My Friday night essence is my desire to teach myself math through Calculus and then to take the math class I have always wanted to get an A in. I have enrolled in web development school at Penn Fosters because I want to pursue web design. I have had a hell of a night with my insulin pump set failing on me over and over again. I finally get the darn thing in only to have it bleed. I used Reiki on it and the blood evaporated. My set is working, pray it lasts all four days I leave it in. I have type 1 diabetes, hypothyroidism and bipolar. I have always been told I look younger than my age. I’m 33 and my boyfriend thinks I can pass for high school. Good to know. My mannerisms are not of the kids of today though. I went to high school in the 90s. I feel like hell today because my site areas are not healing fast enough for my insulin pump. I can only hope I find more room when I change my infusion set again. I want to get real insurance through Covered California and not stay on SSI. I’m kind of poor but I’m a tutor in English, Spanish, literature and other assorted subjects. That’s my introduction. Oh and I’m also a psychic who keeps trying to find a good mentor because my abilities can get out of control. I suppose Neo think just wanted another psychic if they know that much about me. I have been in a coven and a spiritualist church. I have a BA in creative writing from San Francisco State University, and Two AA degrees. One in creative writing and one in anthropology with honors from Foothill College. I don’t work because of my health problems which are managing themselves. I need to find a job I like though, not a routine type of job. I have a resume for everything I could be doing including sales, and being a legal records clerk. I have a certification in computer service repair among other things. I want to get 100 at Penn Foster and I want 100 on the A + test. I have no idea if that’s possible but that’s how I get a job in computer repair.
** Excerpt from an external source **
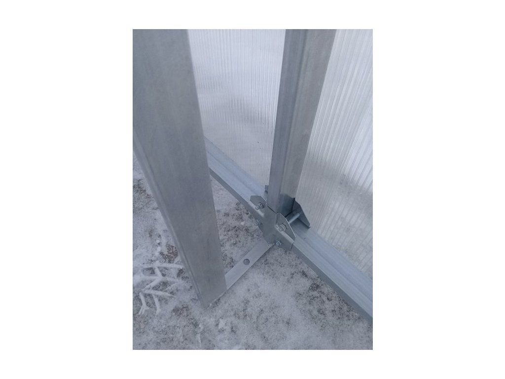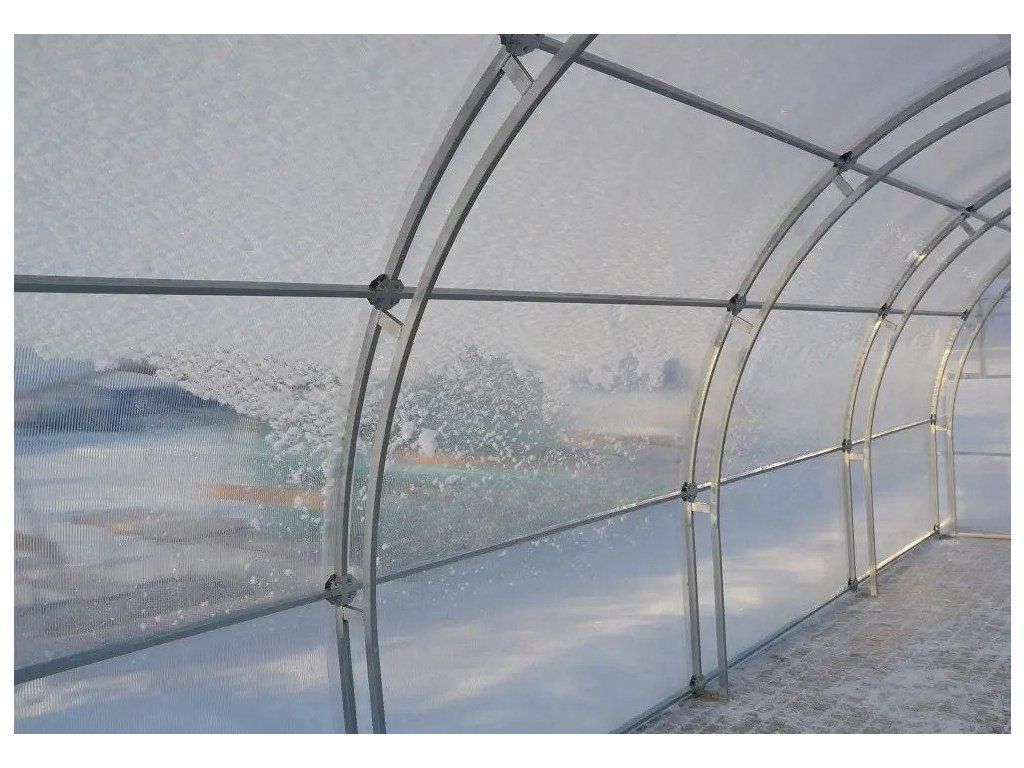 Zasklenie skleníka je tvorené čírym dutinkovým (komôrkovým) polykarbonátom s hrúbkou 4 mm s UV ochranou, vďaka ktorej nekrehne a nežltne. Polykarbonát je certifikovaný a spĺňa všetky podmienky zdravotnej nezávadnosti.

My parents are preparing to leave the United States by the end of April this year. We are going to Spain and I’m a neurotic wreck about that because of all the self-care involved. Anyway, Neothink is helping me repair my shattered brain because I think I might have OCD. I know I’m bipolar but OCD is newer. I leave you now because I’m truly exhausted from getting up at 530 today with a messed up set. Thanks.

Iria

Respond to Meeting Level 1 Integrations?

2 Responses to “Level 1”
  1. Denise Garcia says:

    I don’t know where to start because so many amazing and exciting changes have been happening to me and my family, especially since I began the Level 1 meeting. For one thing I experienced a major breakthrough when I discovered my Friday-Night Essence. It’s both interesting and exciting that I have always been a deep thinker and love to determine the mechanism of how and why things occur at the deepest level. I also am drawn to challenging situations and really enjoy working on complex puzzles of seemingly unrelated pieces that can only work if they are in the “right place”. Incidentally, my husband is dyslexic and so he naturally sees the whole picture first and has to work backwards step-by-step. He has always been a creative genius as he can repair almost anything, builds, and creates new projects.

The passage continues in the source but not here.